Today, I went through the training session in the assecioning role at the Covid lab in Randox. The work itself seems simple enough. However, life in the major obstacle.

  1. I arrived three hours early due to my anxiety levels being through the roof.
  2. I found it well-nigh impossible to pay attention to the class. The demonstration and practice runs were Godsends.
  3. I was lost at the main car park; trying to find my car – parked elsewhere. Had it not been for my walking-stick, I would have fallen and broken my spine. (insurance mightn’t have covered me) It’s probably part of my autism; digging ones toes in when walking due to sensitive feet.
  4. The roads are frosty, and my local roads wouldn’t be gritted. I’m learning new driving skills as I go along, but the longer I drive the more nervous I become. (I can’t afford to make a claim)

Living in the moment can be a thankless task for myself. But I have an understanding group of people on my side.

Growth Comfort

I heard an expression on a Zoom conference on Tuesday, which resonated with me. “Comfort doesn’t exist in the growth zone! Growth doesn’t exist in the comfort zone!”

My Slimming World online subscription expired today. Then I went to a class – weigh-in only – to check the aftermath of Lockdown eating. I gained SIXTEEN pounds. From being 20 Stone 0.5 Pounds, I’m now 21 Stone 2.5 Pounds. However, I needed that kick up the Arse. Even though the drive to-and-from Brackaville was a nightmare.

Next week, I have a job interview in Belfast. I can ask the interviewers if there is a possibility of transferring to a more regional location if I do a good enough job there. It’s for Shopmobility. God willing, Lockdown in Northern Ireland will end tomorrow. The Executive decide tonight. A haircut and shave next Tuesday afternoon depends on it.

Sensory overloads are taking place quite regularly now. However, music is my best therapy. Plus, I’m on a Discord group for Adults with Autism.
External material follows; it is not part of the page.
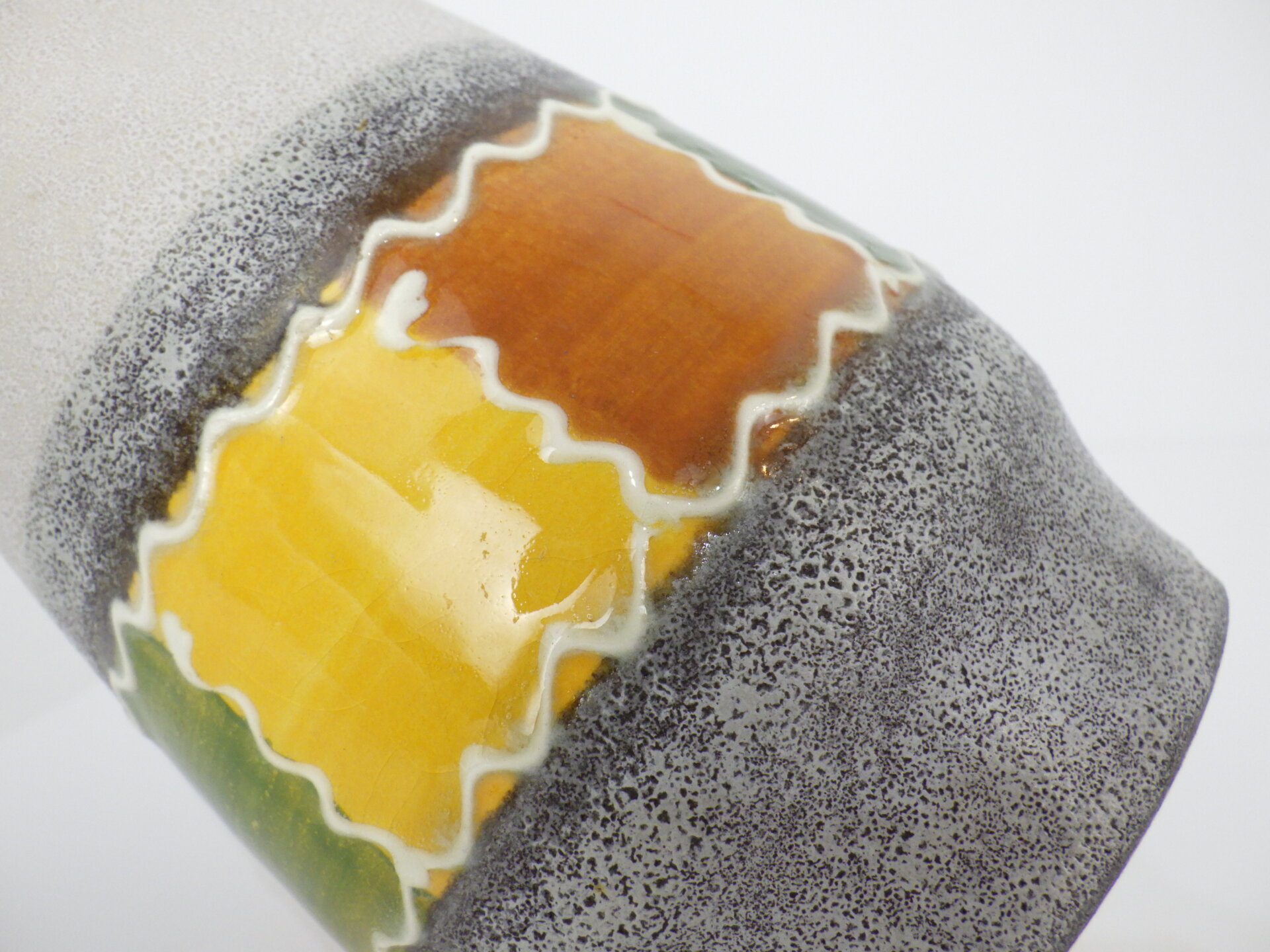 | アメリカで買い付けました。 西ドイツ製、「Bay Keramik」のフラワーベースです。 「Fat Lava」「German Art Pottery」と呼ばれるこの時代のドイツの陶器は、多くが職人による手作業で製作されており、同じシリーズでも一つとして同じ表情の物が存在しません。 こちらはマルチカラーが可愛く、明るい印象。 サイズも比較的小ぶりなため、空間を選ばずお楽しみいただけます。 ドライや枝物を活けたり、オブジェとして飾ったりするのにおすすめしています。 |

Black Friday tomorrow. My brother and I have to run an errand together in Cookstown. Hopefully, my sleep will be good.

One piece of good news, I found my parcel box. I left it at the shop where the Post Office was. Everything’s fine now.

I feel better; after a day of panic.

Tunes:

Going crazy

I feel that yesterday was a pivotal moment in my life. On Tuesday night, I had ZERO sleep. Then I only had a forty-minute nap. Then I went berserk; after heading to a friend’s place to borrow his laptop (my MacBook Pro has a damaged charger, and I can’t afford a replacement, yet) and I was about to go on a rampage.

My complementary therapist recommended Magnesium supplements for my sleep. I got that. Also, I went to a chemist and got elderberry tablets. For £14.99! (WTF?)

I am putting in so much effort for so little return. How much longer must this continue?